Ломоносов и Эйлер переписывались если не регулярно, то уж и но редко. И Эйлер, ценя ум Ломоносова, всячески стремился его поддержать: присылал европейские научные сочинения, помогал печатать его статьи, начальству Ломоносова слал о нём лестные отзывы.
Как-то в одно из редких посещений Академии наук ныне высоко вознёсшимся президентом Ломоносов был приглашён к нему в кабинет. Кирилла Разумовский милостиво в присутствии Теплова и Шумахера обласкал Ломоносова, сиятельно поблагодарил за старание, после чего Теплов зачитал письмо Эйлера к президенту:
«Позвольте, Милостивый Государь, передать Вашему сиятельству ответ господину Ломоносову об очень деликатном вопросе физики; я никого не знаю, который был бы в состоянии лучше развить этот деликатный вопрос, чем этот гениальный человек, который своими познаниями делает честь настолько же Императорской Академии, как и всей нации».
«Так и всей нации», — тут же про себя расчленил Ломоносов похвалы на части и выделил главное. И ответил с подобающей почтительностью:
— Я весьма польщён, господин президент, сей высокой похвалой знатного учёного, кою отношу не столько к себе лично, сколько к усилиям в просвещении великого российского народа.
И признательно склонил голову — не перед Шумахером, не перед Тепловым и даже не перед сиятельным президентом, но перед именем большого учёного.
В письме же Эйлера содержался намёк на всевозрастающий интерес к ещё не изведанному явлению, носящему название «електричество». И то електричество уже много лет вызывало интерес и истинное удивление Ломоносова, который давно имел надежду к этому делу своё старание приложить.
Кругом были домыслы об електричестве и фантазии, и ничего не было понятно. Даже не понять, где это електричество содержится, откуда берёт начало. Ещё Фалес Милетский[124], философ древнегреческий, отмечал чудесные притягательные свойства янтаря, шерстью натёртого; отсюда и пошло — електрон, електрический, что по-гречески означает янтарь, наянтаренный. А француз Дюфей[125] достоверно установил, что електричество бывает разное — «смоляное», такое же, что и от янтаря идёт, и «стеклянное», это если стекло натереть. И наелектризованные одинаково тела — отталкиваются, а по-разному — притягиваются.
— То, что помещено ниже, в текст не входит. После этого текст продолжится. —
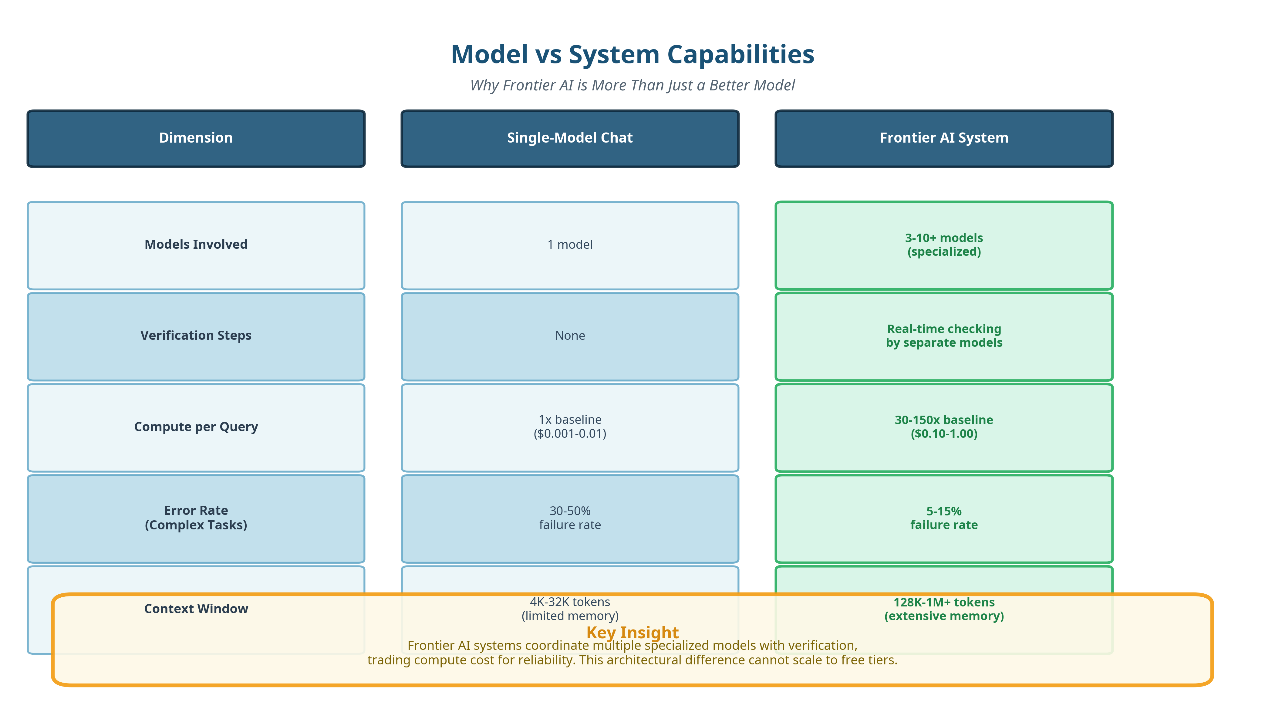 This distinction matters because most public discussion still talks about “models” as if they were single pieces of software answering prompts in isolation. That mental model is already outdated for anything at the frontier. What most people interact with today is a single model responding to a single prompt. Frontier AI systems work very differently.

«Но это свойства тел природные, хотя и непознанные; это — физика! — думал Ломоносов. — А вот Грей и Уиллер из Лондона подвешивали на волосяных шнурах ребёнка и тоже електричество на нём искали. И находили. Это зачем? И при чём тут ребёнок? Да ведь ещё и не упустили, как влияет то, какого полу ребёнок; оказалось — не влияет. Так это уже и не физика вовсе, магия какая-то или скоморошество».
Ломоносов стал читать всё, что мог найти об електричестве, делал заметки. Резал из бумаги маленьких человечков и зверей и, натирая стеклянную палочку о суконный рукав кафтана, заставлял тех человечков плясать, и подпрыгивать, и за палочку цепляться. Играл и развлекался, но сам размышлял, готовясь к большой работе.